__Dataset excerpt__
***

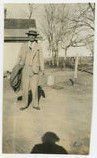 Black and white photograph of a man wearing a suit with matching pants, vest, and jacket. The suit is complete with a hat. Photograph was taken outside with a building in the background. The man is identified as Les. In the foreground is the shadow of a woman.
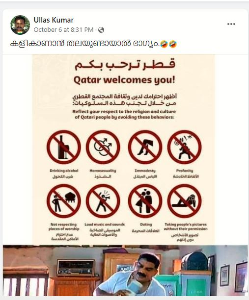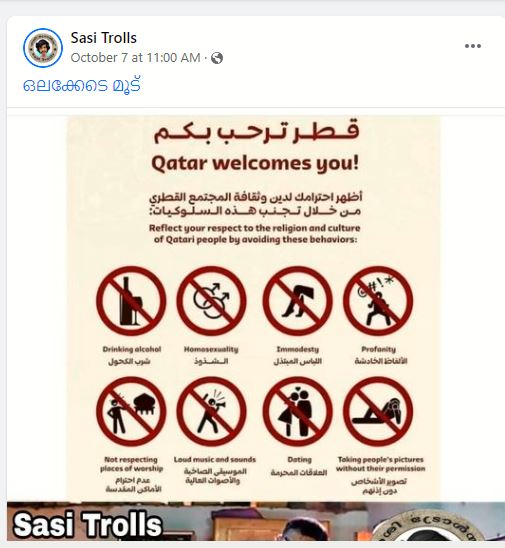 ഖത്തറി സംസ്കാരത്തെ “ബഹുമാനിക്കാൻ” വിദേശികളെ ഓർമ്മിപ്പിക്കുന്നതിനായി ഒരു സിറ്റിസൺസ് ഗ്രൂപ്പാണ് വൈറൽ ഇൻഫോഗ്രാഫിക് പുറത്തിറക്കിയതെന്നും ഇത് ഖത്തർ സന്ദർശിക്കുന്ന ലോകകപ്പ് ആരാധകർക്ക് ഖത്തർ സർക്കാരോ യോ ഫിഫയോ നൽകിയ ഔദ്യോഗിക ഉപദേശമല്ലെന്നും ഇതിൽ നിന്നും മനസിലായി.
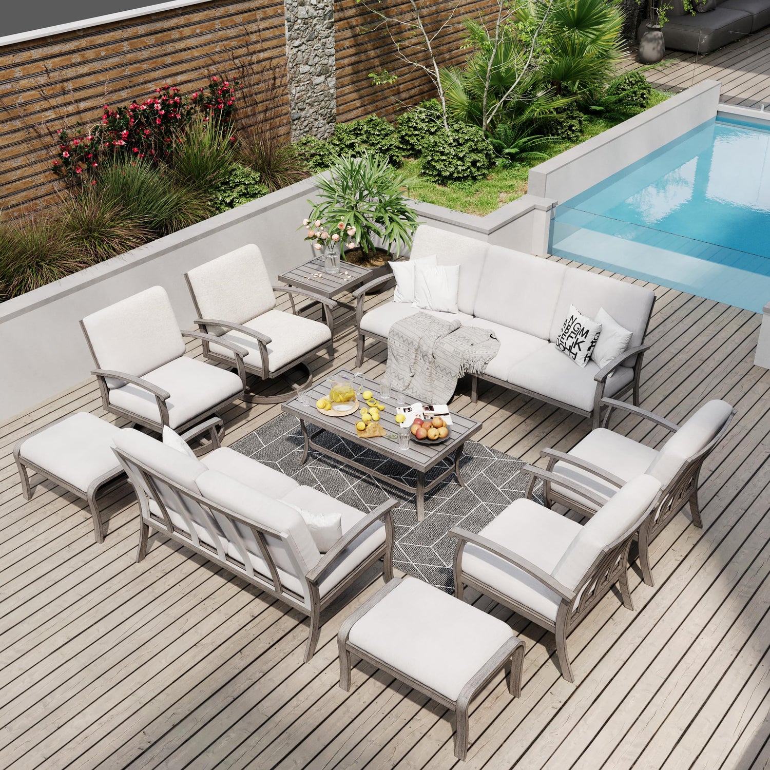 HAPPATIO 10 Piece Aluminum Patio Furniture Set, 3-Seat Outdoor Couch and Loveseat, All-Weather Outdoor Sectional Sofa with Swivel Armchairs and Ottomans, Garden Conversation Set(Gray)
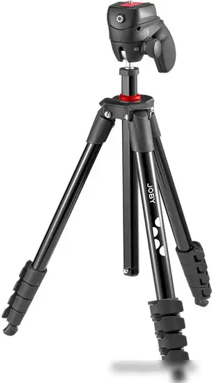 Трипод Joby Compact Action подходит для фотоаппаратов весом до 1,5 кг. Он имеет пять секций и складывается, что удобно для транспортировки и хранения. Трипод оснащен регулируемой головкой по двум осям, которая помогает точно настроить угол съемки. Благодаря резьбовому креплению 1/4" вы можете легко установить большинство камер. Устройство регулирует наклон и поворот, обеспечивая стабильное кадрирование. Есть встроенный жидкостный уровень для проверки горизонта. На ножках расположены резиновые наконечники для устойчивости на разных поверхностях. В комплекте идет чехол, который защитит трипод при переноске. Максимальная высота трипода 1555 мм, он весит всего 1.16 кг и легко помещается в сумке или рюкзаке.

***

Nothing except the lines from the one containing "ഇതിൽ നിന്നും മനസിലായി." through the one containing "HAPPATIO 10 Piece" should appear in the answer, exactly as above and without pictures.

__Written response__
 ഖത്തറി സംസ്കാരത്തെ “ബഹുമാനിക്കാൻ” വിദേശികളെ ഓർമ്മിപ്പിക്കുന്നതിനായി ഒരു സിറ്റിസൺസ് ഗ്രൂപ്പാണ് വൈറൽ ഇൻഫോഗ്രാഫിക് പുറത്തിറക്കിയതെന്നും ഇത് ഖത്തർ സന്ദർശിക്കുന്ന ലോകകപ്പ് ആരാധകർക്ക് ഖത്തർ സർക്കാരോ യോ ഫിഫയോ നൽകിയ ഔദ്യോഗിക ഉപദേശമല്ലെന്നും ഇതിൽ നിന്നും മനസിലായി.
 HAPPATIO 10 Piece Aluminum Patio Furniture Set, 3-Seat Outdoor Couch and Loveseat, All-Weather Outdoor Sectional Sofa with Swivel Armchairs and Ottomans, Garden Conversation Set(Gray)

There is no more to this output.